Marches began in the early afternoon and as the sun set, there was a festive atmosphere in Plaza Italia, a rallying point during the demonstrations. The protesters banged pots and pans, blew plastic whistles and waved the Chilean and Mapuche indigenous flags. Vendors sold snacks, jewelry, hats and T-shirts. The demonstrators, many in their 20s and 30s, pressed their call for changes to a market-dominant socio-economic model that has fully or partially privatized pensions, health and education. They hoisted signs calling for pension reform, an end to the private ownership of water rights or for the resignation of President Sebastian Pinera.
“There’s an economic development system that’s made us all accustomed to injustice, a profound dissatisfaction among the vast majority of people who feel that they aren’t seeing the benefits of economic development,” said Jorge Pinto, a 24-year-old student of public administration.

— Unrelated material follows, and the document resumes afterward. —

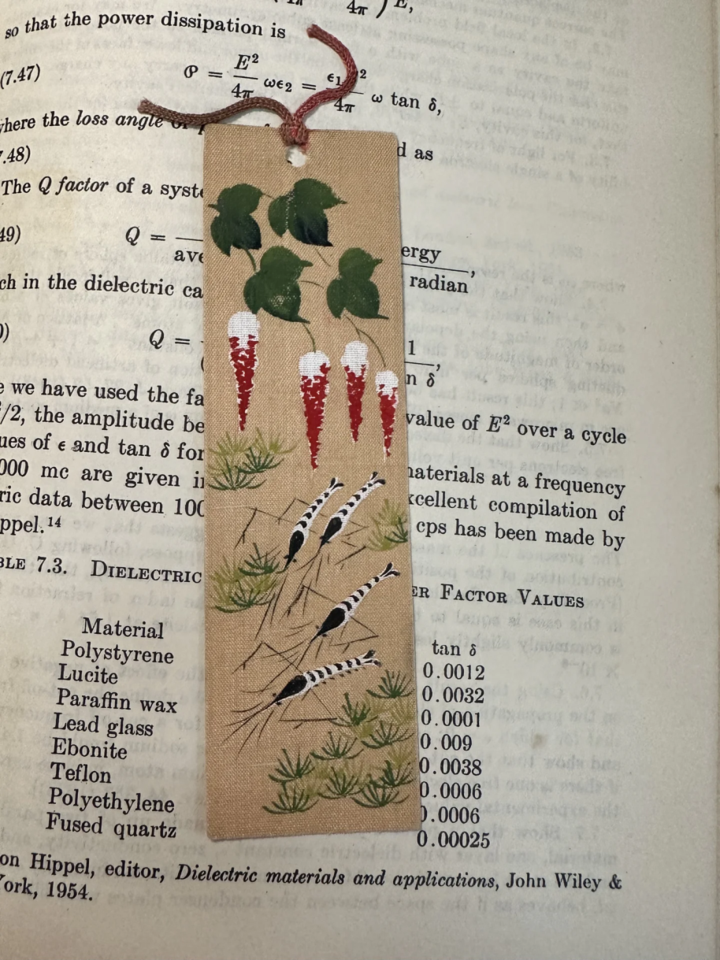原来,近日在浙江大学校内论坛上,赵文楷同学发帖称,自己在图书馆借书时意外发现了这张写于1957年的书签,书签被夹在1956年第二版《固体物理导论》英文书中,书签上竖排工整地写着“赠给好友 周净秋”几列小字,翻至书签的另一面,则绘有树叶、水草和河虾等景物,十分生动可爱。

On several side streets the atmosphere was tenser, as groups of masked protesters set fire to garbage and trees in a local park, before they were chased off by police with tear gas and water cannon. Attempts to reach the presidential palace were blocked by police barricades.
Some demonstrators are angry about the retirement system, which forces Chileans to hand over 10 percent of their income to private fund managers and then receive pensions that barely cover a third of most people’s monthly expenses. Others fume about a public health system that makes many wait months for an appointment with a specialist, or seek expensive private care.
Still others resent university loans that they are still paying into their 40s and 50s, even as 1 percent of the population earns 33 percent of the nation’s wealth, making Chile the most unequal country in the Organization for Economic Cooperation and Development group of wealthy nations.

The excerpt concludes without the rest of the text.